▶ [DATASET EXCERPTS]
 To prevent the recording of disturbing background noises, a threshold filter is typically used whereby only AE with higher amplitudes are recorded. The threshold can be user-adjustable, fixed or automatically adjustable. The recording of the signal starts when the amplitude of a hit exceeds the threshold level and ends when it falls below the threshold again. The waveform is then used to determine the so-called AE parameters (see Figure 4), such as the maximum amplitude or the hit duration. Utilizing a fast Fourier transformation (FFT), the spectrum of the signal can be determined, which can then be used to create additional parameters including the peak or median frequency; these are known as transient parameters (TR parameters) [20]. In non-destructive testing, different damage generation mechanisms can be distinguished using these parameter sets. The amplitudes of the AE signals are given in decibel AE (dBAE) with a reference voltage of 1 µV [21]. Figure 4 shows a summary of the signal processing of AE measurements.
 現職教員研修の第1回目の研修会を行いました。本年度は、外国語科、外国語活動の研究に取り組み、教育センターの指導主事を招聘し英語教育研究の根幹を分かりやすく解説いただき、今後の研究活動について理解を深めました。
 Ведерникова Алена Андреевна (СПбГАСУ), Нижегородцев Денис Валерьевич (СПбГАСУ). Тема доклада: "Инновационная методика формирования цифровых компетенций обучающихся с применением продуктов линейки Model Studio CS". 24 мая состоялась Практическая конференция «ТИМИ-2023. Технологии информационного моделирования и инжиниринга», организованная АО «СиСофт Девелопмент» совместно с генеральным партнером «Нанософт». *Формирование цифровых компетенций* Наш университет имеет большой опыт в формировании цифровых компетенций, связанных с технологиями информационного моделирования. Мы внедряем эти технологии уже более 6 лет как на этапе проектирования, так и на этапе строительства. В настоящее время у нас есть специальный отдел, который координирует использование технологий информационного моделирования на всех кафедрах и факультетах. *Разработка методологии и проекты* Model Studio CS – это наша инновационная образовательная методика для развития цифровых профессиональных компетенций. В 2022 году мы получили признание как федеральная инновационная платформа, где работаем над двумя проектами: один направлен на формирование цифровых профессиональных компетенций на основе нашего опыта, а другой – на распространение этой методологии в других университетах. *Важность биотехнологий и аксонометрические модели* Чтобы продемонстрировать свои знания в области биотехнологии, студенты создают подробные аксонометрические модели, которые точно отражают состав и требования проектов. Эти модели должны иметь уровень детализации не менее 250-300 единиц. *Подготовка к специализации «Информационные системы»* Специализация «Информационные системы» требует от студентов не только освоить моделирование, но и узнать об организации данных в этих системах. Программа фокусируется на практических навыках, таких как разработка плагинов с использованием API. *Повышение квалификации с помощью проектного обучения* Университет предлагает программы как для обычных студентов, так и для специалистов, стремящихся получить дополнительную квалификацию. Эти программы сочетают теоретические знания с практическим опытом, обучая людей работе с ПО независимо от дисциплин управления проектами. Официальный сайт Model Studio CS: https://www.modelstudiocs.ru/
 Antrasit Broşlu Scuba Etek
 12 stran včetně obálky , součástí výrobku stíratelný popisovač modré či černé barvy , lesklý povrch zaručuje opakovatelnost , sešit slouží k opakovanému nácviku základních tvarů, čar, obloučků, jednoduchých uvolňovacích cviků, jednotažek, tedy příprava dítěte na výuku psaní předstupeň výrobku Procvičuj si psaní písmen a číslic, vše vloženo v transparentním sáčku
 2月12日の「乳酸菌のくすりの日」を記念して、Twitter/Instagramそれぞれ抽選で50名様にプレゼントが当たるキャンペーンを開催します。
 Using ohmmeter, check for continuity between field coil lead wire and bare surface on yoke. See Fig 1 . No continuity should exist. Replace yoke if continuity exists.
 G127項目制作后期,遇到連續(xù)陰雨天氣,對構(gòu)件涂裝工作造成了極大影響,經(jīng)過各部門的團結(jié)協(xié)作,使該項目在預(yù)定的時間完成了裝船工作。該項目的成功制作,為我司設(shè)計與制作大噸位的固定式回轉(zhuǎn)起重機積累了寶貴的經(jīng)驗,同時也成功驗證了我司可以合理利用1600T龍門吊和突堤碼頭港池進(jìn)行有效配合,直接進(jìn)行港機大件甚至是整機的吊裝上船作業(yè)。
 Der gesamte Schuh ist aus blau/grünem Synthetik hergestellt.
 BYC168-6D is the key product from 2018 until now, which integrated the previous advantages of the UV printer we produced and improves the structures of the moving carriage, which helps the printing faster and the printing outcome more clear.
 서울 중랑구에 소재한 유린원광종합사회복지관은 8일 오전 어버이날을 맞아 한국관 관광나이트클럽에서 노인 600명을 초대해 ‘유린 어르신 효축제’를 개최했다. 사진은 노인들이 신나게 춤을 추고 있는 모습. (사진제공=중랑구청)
--
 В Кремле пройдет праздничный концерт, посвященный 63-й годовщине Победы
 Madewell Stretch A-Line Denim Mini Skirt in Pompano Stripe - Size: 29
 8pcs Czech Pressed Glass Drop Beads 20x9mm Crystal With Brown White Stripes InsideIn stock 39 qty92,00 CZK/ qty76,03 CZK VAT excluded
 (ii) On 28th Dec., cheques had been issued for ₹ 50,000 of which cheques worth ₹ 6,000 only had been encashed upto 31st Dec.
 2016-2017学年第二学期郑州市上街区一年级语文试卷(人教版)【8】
* * *
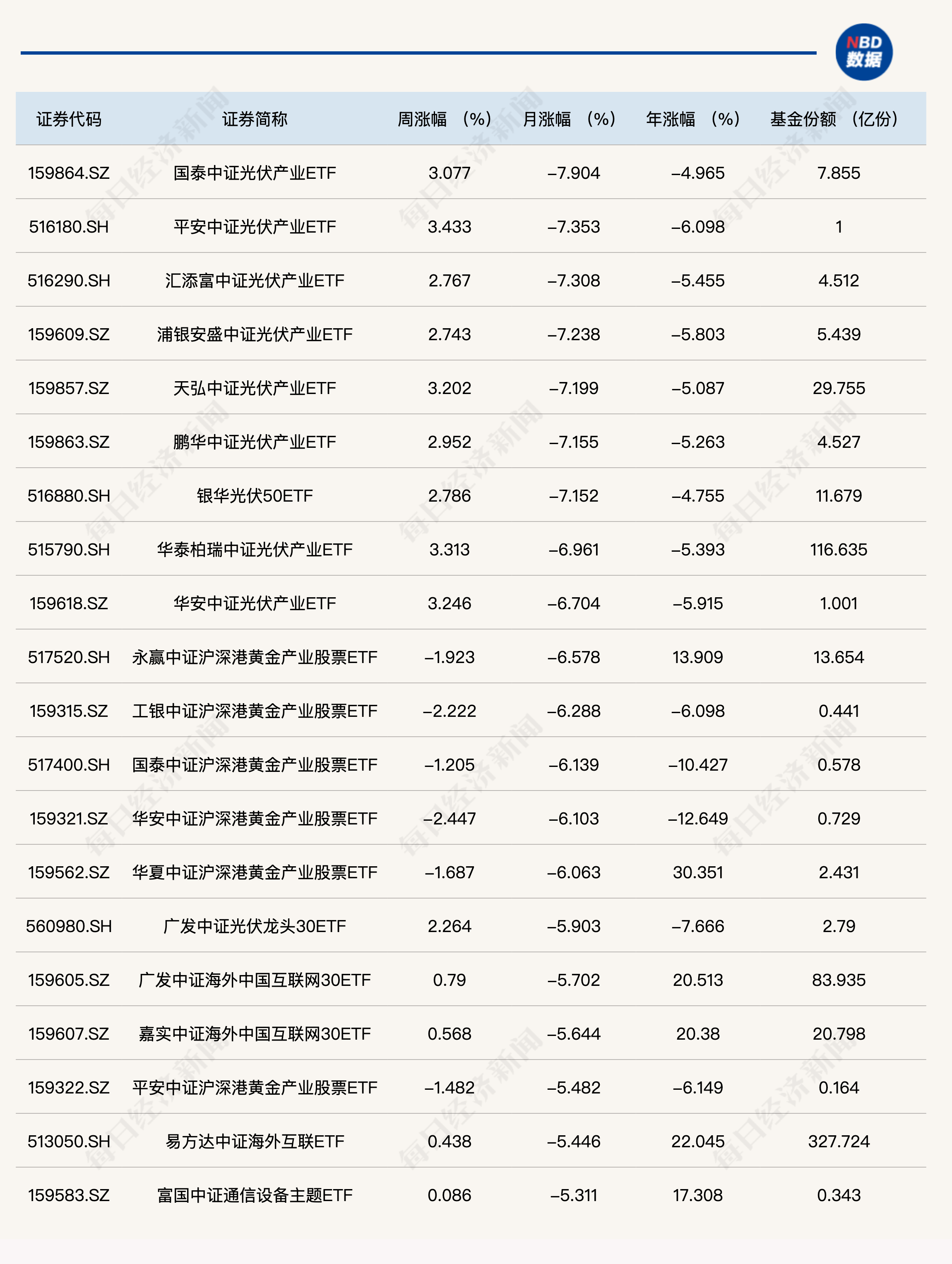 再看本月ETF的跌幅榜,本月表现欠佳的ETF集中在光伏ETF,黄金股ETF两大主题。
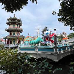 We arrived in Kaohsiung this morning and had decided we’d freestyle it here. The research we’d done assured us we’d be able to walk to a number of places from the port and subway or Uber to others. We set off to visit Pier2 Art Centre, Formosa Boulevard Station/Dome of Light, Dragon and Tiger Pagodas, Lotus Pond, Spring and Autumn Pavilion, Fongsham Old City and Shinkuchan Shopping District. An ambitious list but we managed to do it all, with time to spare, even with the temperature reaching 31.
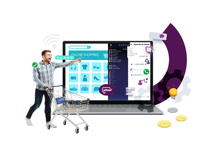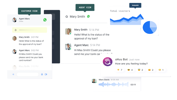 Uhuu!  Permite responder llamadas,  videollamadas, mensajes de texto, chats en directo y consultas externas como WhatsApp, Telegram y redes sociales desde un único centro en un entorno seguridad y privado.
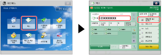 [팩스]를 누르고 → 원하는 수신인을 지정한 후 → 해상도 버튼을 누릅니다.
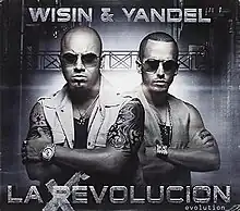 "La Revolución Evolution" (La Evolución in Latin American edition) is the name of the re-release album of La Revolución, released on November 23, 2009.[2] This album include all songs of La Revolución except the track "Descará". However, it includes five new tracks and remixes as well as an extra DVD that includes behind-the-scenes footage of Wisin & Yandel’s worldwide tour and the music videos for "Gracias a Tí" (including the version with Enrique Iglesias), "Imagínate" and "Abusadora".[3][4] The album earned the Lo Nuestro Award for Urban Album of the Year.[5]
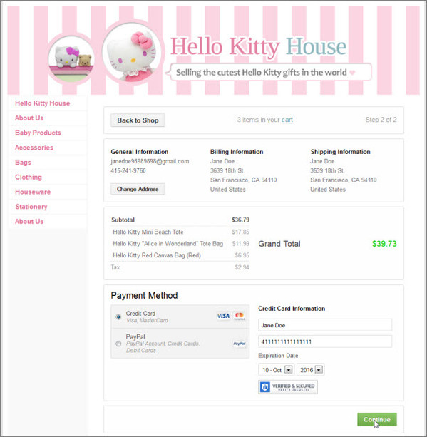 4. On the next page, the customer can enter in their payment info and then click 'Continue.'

▶ [TASK GOAL]
Begin with the line that has "8pcs Czech Pressed" in the listing above and end after the line that has "2016-2017学年第二学期郑州市上街区一年级语文试卷(人教版)【8】"; output those lines exactly.

▶ [WRITTEN REPLY]
 8pcs Czech Pressed Glass Drop Beads 20x9mm Crystal With Brown White Stripes InsideIn stock 39 qty92,00 CZK/ qty76,03 CZK VAT excluded
 (ii) On 28th Dec., cheques had been issued for ₹ 50,000 of which cheques worth ₹ 6,000 only had been encashed upto 31st Dec.
 2016-2017学年第二学期郑州市上街区一年级语文试卷(人教版)【8】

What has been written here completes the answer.